Books & Films
Book review: The Mystery of Capital – Hernando De Soto (2001)
Peruvian economist Hernando de Soto explains what capital is, why it has failed to benefit the majority of mankind and sets out an alternative solution in The Mystery of Capital: Why Capitalism Triumphs in the West and Fails Everywhere Else.
The book looks at the process of transforming dead capital into live capital through the institution of formal property rights. De Soto argues that by integrating such an agreement into a unified formal property rights system, the poor would benefit. The process of creating a formal, unified legal property system is what allowed people in developed nations to leverage property into wealth, De Soto explains.

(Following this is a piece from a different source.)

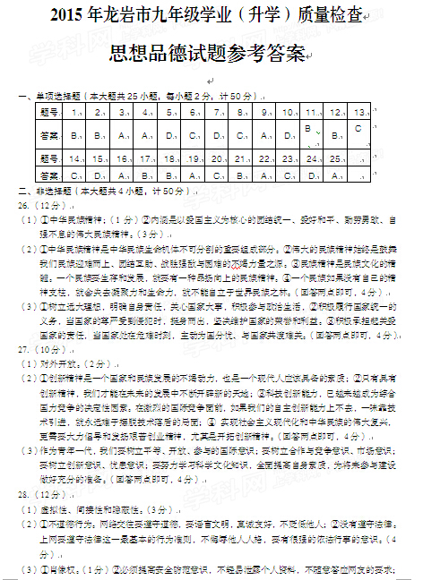 2025年福建龙岩中考体育与健康基本知识真题及答案
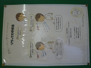 緊張(きんちょう)したときなどに行う呼吸法(こきゅうほう)が、スクールカウンセラーさんから紹介(しょうかい)されています。廊下(ろうか)の掲示板(けいじばん)に貼(は)られていますので、試(ため)してみてはどうでしょうか。

As a result capitalism could benefit all of human kind, rather than just one-fifth as it currently does, if this approach was taken, he argues. However, Western thinkers have often blamed the failure of capitalism in developing nations on a lack of sellable assets or an inherently non-entrepreneurial mindset, and as a result the crux of the problem has not been addressed.
Whilst the subject matter of the book is complex and typically tedious, the author makes it interesting and thought-provoking. Research is used to detail struggling economies around the word to support the claims made in the book, leading to the reader thinking why hasn’t more been done to address this issue.
The Mystery of Capital gives an enormous insight into capitalism, its benefits and pitfalls, with a convincing explanation and a revolutionary path for the future.